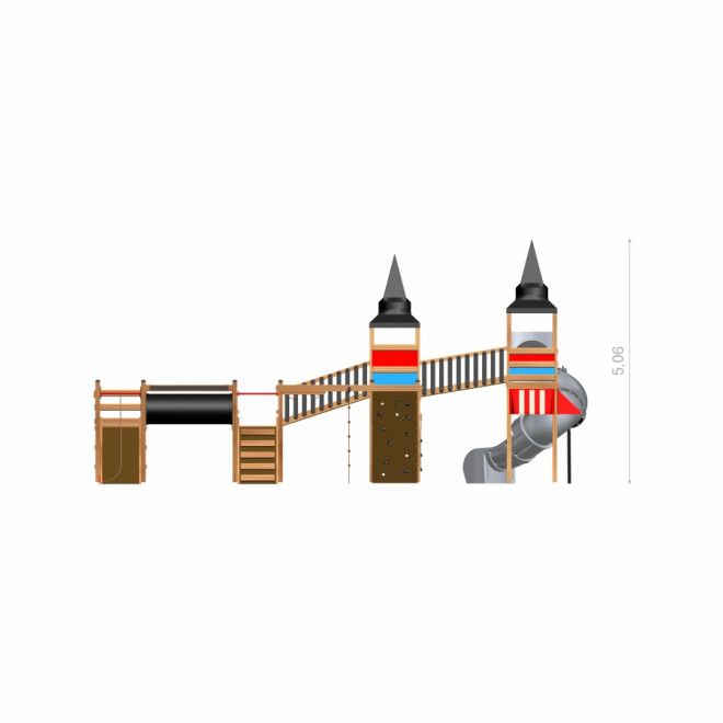 Apollo Spielanlage mit Tunnel und Spiralrutsche - Frontansicht
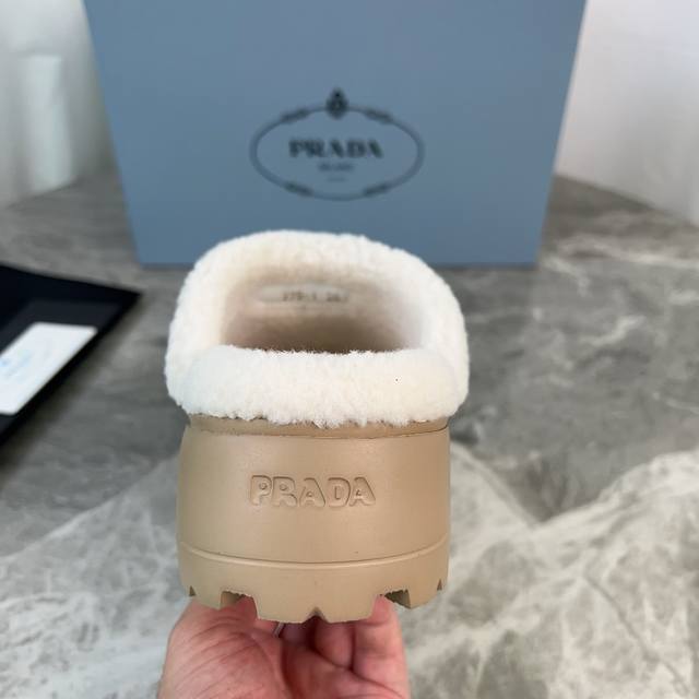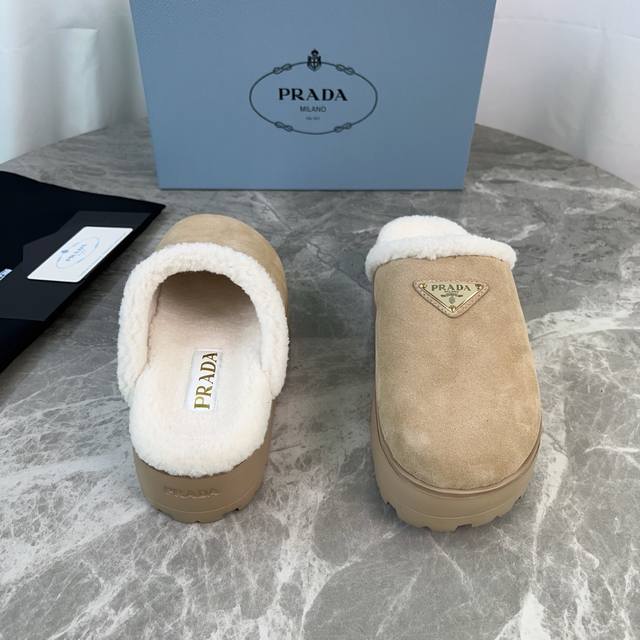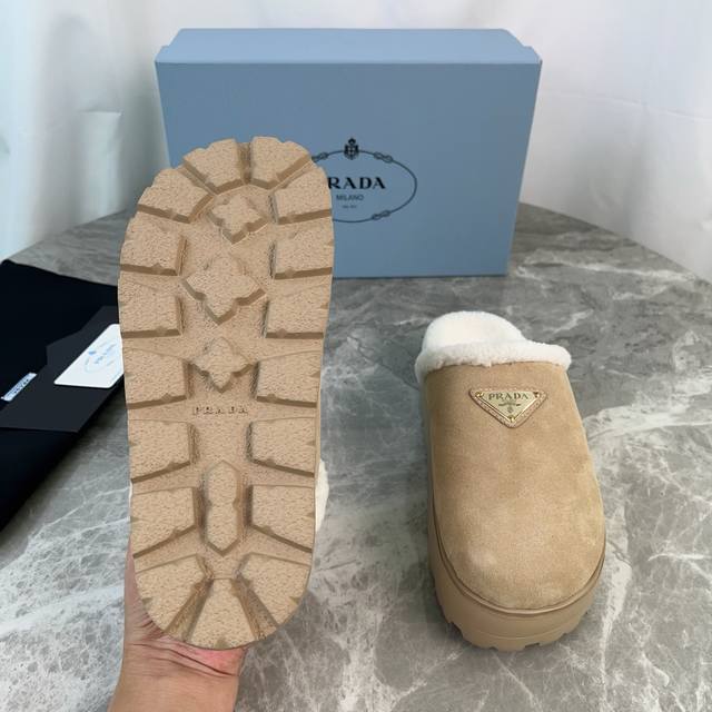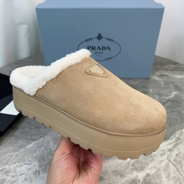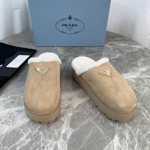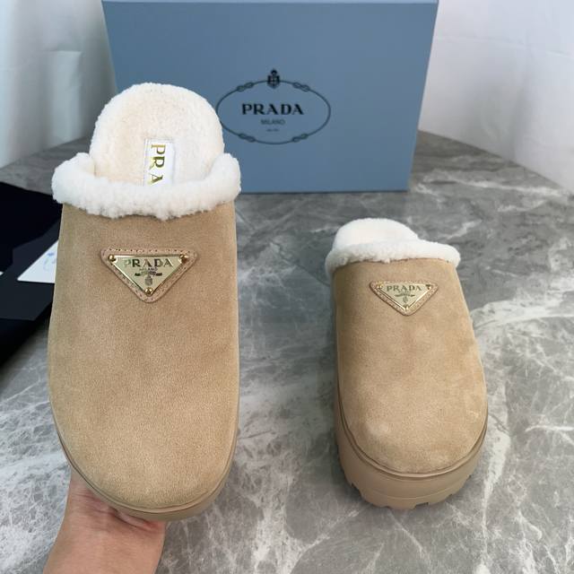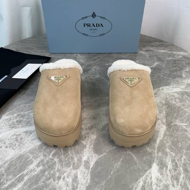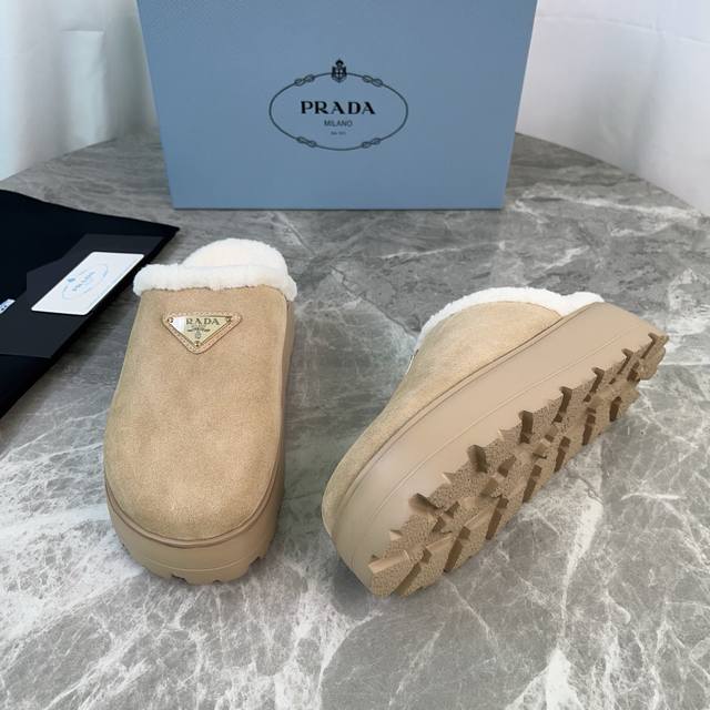 P家最新款毛拖 面:进口高丝光牛反绒 里:进口羊羔毛 垫:羊羔毛 底:超轻橡胶发泡大底 厚6Cm 标志性三角标,原版包装 Size :35-41 40、41定制
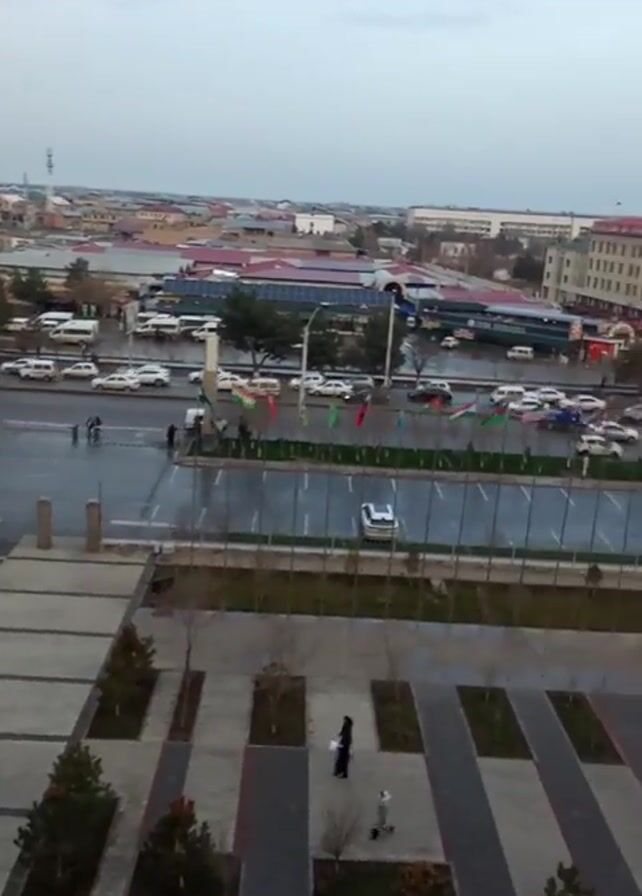 n outdoor urban scene. The viewpoint is elevated, possibly from a building, looking down onto a square or plaza. There are several people walking around the plaza. In the background, there is a wide street with cars and a large building complex. Flags are flying along the median of the street. The sky is overcast. A statue stands in the lower right foreground.
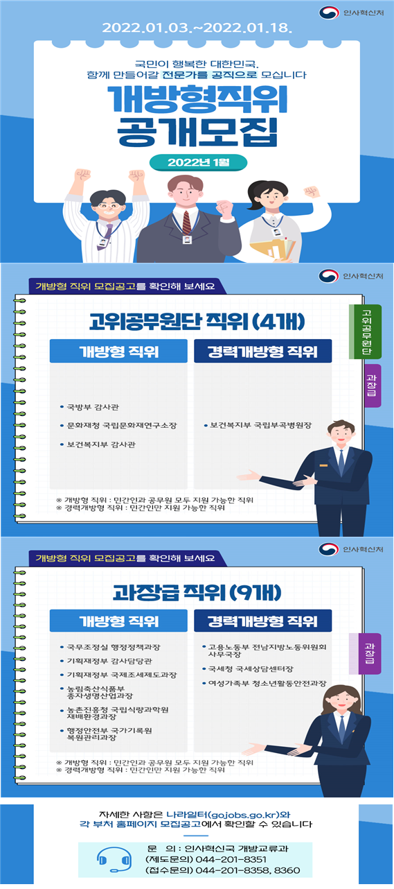 인사혁신처(중앙선발시험위원회)는 경력개방형 직위로 지정된 여성가족부 「청소년활동안전과장」을 다음과 같이 공개모집하오니
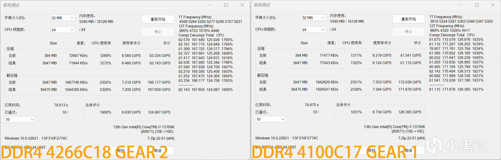 优化前后7-ZIP基准测试对比,DDR4 4100 Gear 1相比DDR4 4266 Gear 2,主要提升在解压缩方面,在日常对于文件的处理最常见就是解压缩了,当然效果不会太明显。
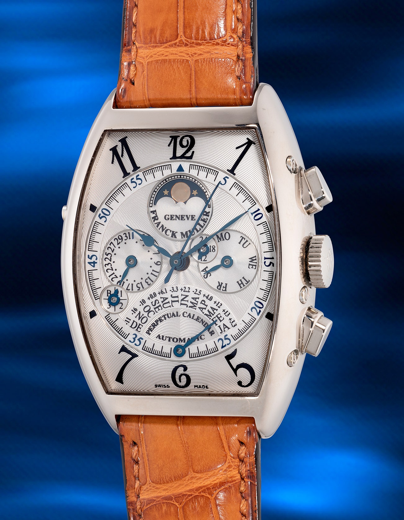- The current offering is no exception, as it features an extraordinary movement housed in Franck Muller's iconic tonneau-shaped case. The use of white gold provides the necessary heft for this mechanical masterpiece. In addition to being a chronograph and perpetual calendar, the watch also includes a retrograde hand to indicate the month as well as the equation of time. The movement, wounded by a platinum rotor, is a work of art in itself and deserves its praise.
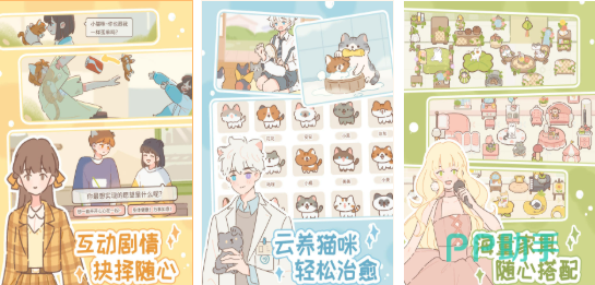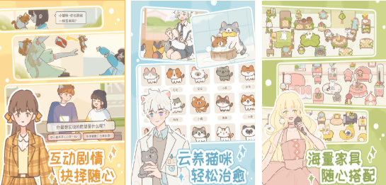 采用柔和水彩美术风格与分镜式漫画叙事结构,玩家收养一只流浪猫并为其命名。日常互动包括喂食、清洁猫砂、陪伴玩耍;进阶内容涵盖8位猫耳少年专属支线剧情。支持全场景自由装饰(猫窝、庭院等),并呈现四季更迭下猫草生长状态变化。宠物行为反馈细腻自然,节奏舒缓无压力,全程离线可玩。
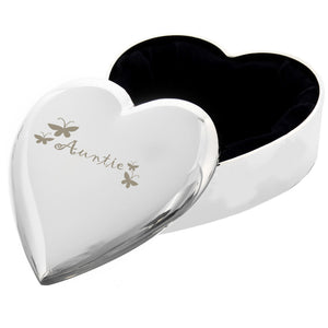 This heart trinket features a butterfly design and the wording 'Auntie' as standard text.
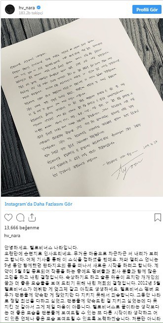 Son olarak, siz tatlı hayranlarıma Hello Venus olarak geri dönemeyeceğim belki, ama yine de bir zamanlar Hello Venus’un Nara’sına verdiğiniz değeri tekrar almak için hep çok çalışacağım. Umarım hayatınız boyunca sağlıklı ve mutlu olursunuz.
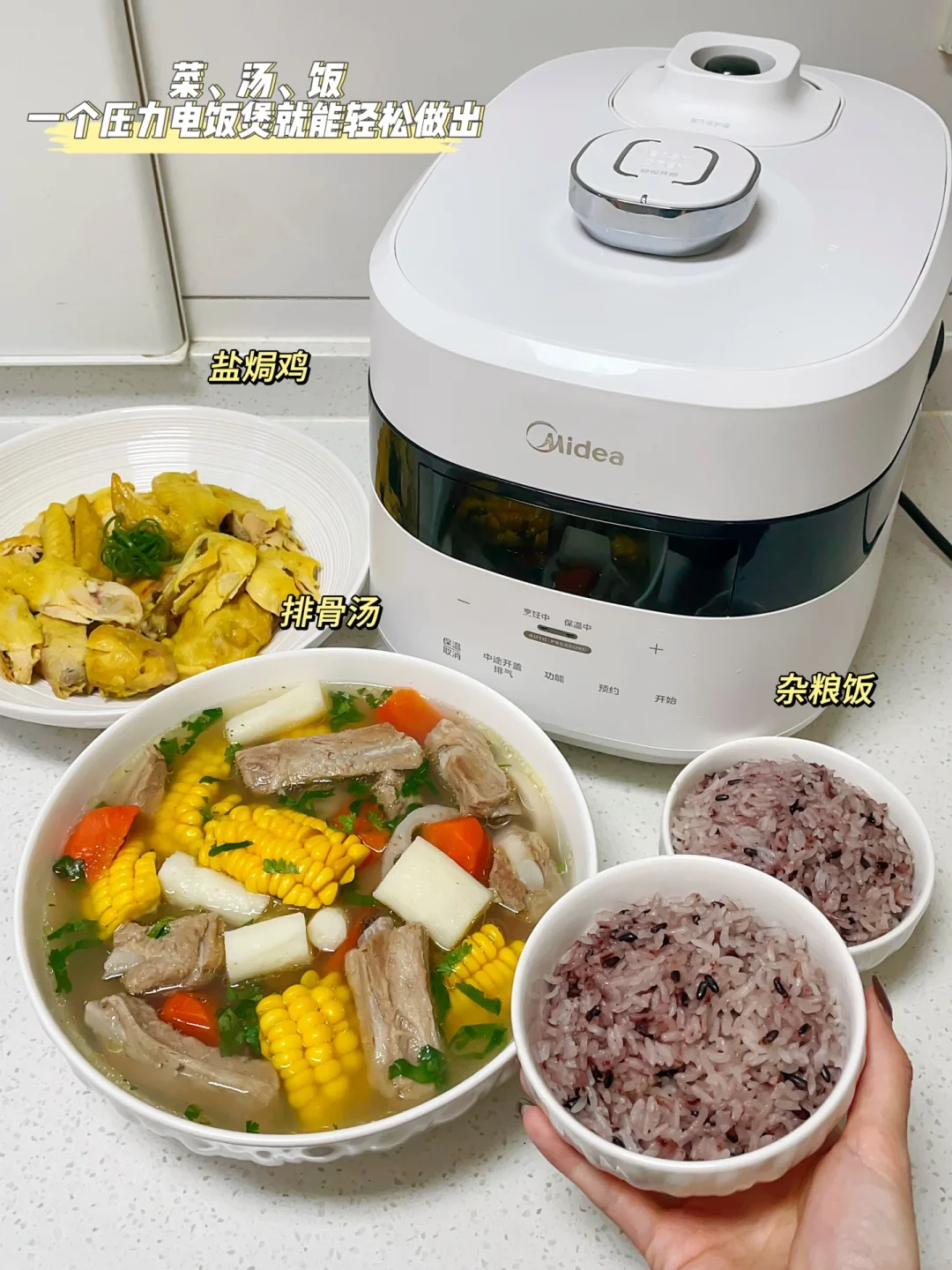 [集美R]过年想展现厨艺,但又不想太复杂,可以巧用厨房电器哦~今天我就用美的赤炎压力电饭煲做了一菜一汤一饭,又搭配了几个快手菜、一桌子饭菜很快就搞定了。
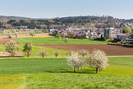 View to the village of Fislisbach and the fields arround, Switzerland
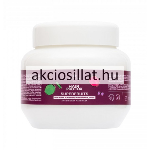 Kallos Kjmn Hair Pro-tox Superfruits Hajpakoló Krém 275ml A Kallos Hair Pro-Tox Superfruits hajpakoló antioxidánsokban, vitaminokban és ásványi anyagokban gazdag szupergyümölcsöket tartalmaz, melyek visszaadják a haj eredeti, egészséges állapotát és fény

################

Problem:
What is needed is an exact copy of the entries above, with no images in it.

Written response:
 Apollo Spielanlage mit Tunnel und Spiralrutsche - Frontansicht
 P家最新款毛拖 面:进口高丝光牛反绒 里:进口羊羔毛 垫:羊羔毛 底:超轻橡胶发泡大底 厚6Cm 标志性三角标,原版包装 Size :35-41 40、41定制
 n outdoor urban scene. The viewpoint is elevated, possibly from a building, looking down onto a square or plaza. There are several people walking around the plaza. In the background, there is a wide street with cars and a large building complex. Flags are flying along the median of the street. The sky is overcast. A statue stands in the lower right foreground.
 인사혁신처(중앙선발시험위원회)는 경력개방형 직위로 지정된 여성가족부 「청소년활동안전과장」을 다음과 같이 공개모집하오니
 优化前后7-ZIP基准测试对比,DDR4 4100 Gear 1相比DDR4 4266 Gear 2,主要提升在解压缩方面,在日常对于文件的处理最常见就是解压缩了,当然效果不会太明显。
- The current offering is no exception, as it features an extraordinary movement housed in Franck Muller's iconic tonneau-shaped case. The use of white gold provides the necessary heft for this mechanical masterpiece. In addition to being a chronograph and perpetual calendar, the watch also includes a retrograde hand to indicate the month as well as the equation of time. The movement, wounded by a platinum rotor, is a work of art in itself and deserves its praise.
 采用柔和水彩美术风格与分镜式漫画叙事结构,玩家收养一只流浪猫并为其命名。日常互动包括喂食、清洁猫砂、陪伴玩耍;进阶内容涵盖8位猫耳少年专属支线剧情。支持全场景自由装饰(猫窝、庭院等),并呈现四季更迭下猫草生长状态变化。宠物行为反馈细腻自然,节奏舒缓无压力,全程离线可玩。
 This heart trinket features a butterfly design and the wording 'Auntie' as standard text.
 Son olarak, siz tatlı hayranlarıma Hello Venus olarak geri dönemeyeceğim belki, ama yine de bir zamanlar Hello Venus’un Nara’sına verdiğiniz değeri tekrar almak için hep çok çalışacağım. Umarım hayatınız boyunca sağlıklı ve mutlu olursunuz.
 [集美R]过年想展现厨艺,但又不想太复杂,可以巧用厨房电器哦~今天我就用美的赤炎压力电饭煲做了一菜一汤一饭,又搭配了几个快手菜、一桌子饭菜很快就搞定了。
 View to the village of Fislisbach and the fields arround, Switzerland
 Kallos Kjmn Hair Pro-tox Superfruits Hajpakoló Krém 275ml A Kallos Hair Pro-Tox Superfruits hajpakoló antioxidánsokban, vitaminokban és ásványi anyagokban gazdag szupergyümölcsöket tartalmaz, melyek visszaadják a haj eredeti, egészséges állapotát és fény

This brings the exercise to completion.